For a good internship, it is necessary to maintain good communication with the team you are working in, so I am lucky to be involved in the daily stand-up meetings. In this unit, we work with Jira using kanban, which gives more flexibility in terms of timing compared to the traditional scrum methodology. Apart from these daily stand-up meetings, there are weekly alignment meetings on Monday between the different profiles within the team. On Thursday, there is a knowledge sharing meeting between the people of data science and on Wednesday, the planning of the data science profiles is reviewed. In this way, myself and the rest of the team are always well informed of each other. To keep my supervisor informed of my progress at the internship, I will e-mail a weekly report to both my internship mentor at Thomas More and my internship supervisor at VRT. In this I place an overview of what I worked on last week, supplemented by a paragraph in which I express myself about my experiences at my internship.

After my internship finishes, I won't be there to explain my findings to the team. That's why I made sure that the work i did is well documented and the right people have access to it. I made a technical internship report (14 pages), containing the semantic explanation of my reasoning while writing my code solution.
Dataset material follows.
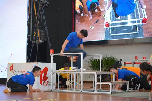 而對(duì)于承辦方,如此全新的嘗試,新的問(wèn)題也是不斷涌現(xiàn),沒(méi)有現(xiàn)成的加載裝置做加載測(cè)試就是其中最大的一項(xiàng)大挑戰(zhàn),怎么辦?自主研制!“我們團(tuán)隊(duì)從2017年5月就開(kāi)始著手進(jìn)行了這項(xiàng)工作的準(zhǔn)備,一幫老師帶著一幫學(xué)生,在全校啟動(dòng)了跨系跨學(xué)科的大合作攻關(guān),第一臺(tái)出爐后,我們后續(xù)又進(jìn)行了多次的工藝突破、改良,小到用材的選擇、每一項(xiàng)指標(biāo)的精度與靈敏度調(diào)適等。”加載裝置研制工作負(fù)責(zé)人沈家棟老師談起了裝置制作的過(guò)程,現(xiàn)下,大賽的成功舉辦終于可以讓他們一直緊繃的弦放松了,他有感而發(fā):“同濟(jì)浙院雖然是一所新興的獨(dú)立學(xué)院,雖然此前未曾申辦過(guò)省級(jí)學(xué)科競(jìng)賽,但是,學(xué)校很拼,教師也很努力,這次大賽的成功舉辦就是一個(gè)最好的見(jiàn)證和考驗(yàn)。我想,從這次成功舉辦之后,在承辦學(xué)科競(jìng)賽而且是A類(lèi)學(xué)科競(jìng)賽的高校目錄里,我們就不再是‘0’了,二是‘1’了,有起步點(diǎn)了,相信以后會(huì)有越來(lái)越多這樣的‘1’!保ㄍㄓ崋T:曹嘉燕/文 陶博勇/圖)

I made sure to keep good track of my files in a well-structured Github repository, containing different subfolders and different Readme files for each of the 4 'subtask' of the project I have worked on. Inside of this repo I made sure to link my documents as well.

3. Reflection

3.1 Business intelligence

A large part of my internship consisted of data analysis. To present my findings to the staff of the VRT NWS and Sporza editors, I built a Power BI dashboard with the most important insights, so that I could process these visualisations in a PowerPoint presentation.

The data I needed to create my visualisations was pulled in from Amazon S3, and then heavily transformed in Jupyter notebooks on Amazon Sagemaker before loading it into power BI. Some of the main edits I made:

Classes: Different categories added according to percentile values for key columns
Total & achieved pageviews: Performed calculations to determine the total and current (cumulative sum) number of readers reached for articles. To do this, I merged the article data provided to me with the corresponding Adobe Experience Manager data that monitors readers.
Hours until 90% pageviews: Cutoff percentage set to call an article 'mature' (=90% of all reads achieved), calculations made to express in hours for each article how long it takes to get to this point.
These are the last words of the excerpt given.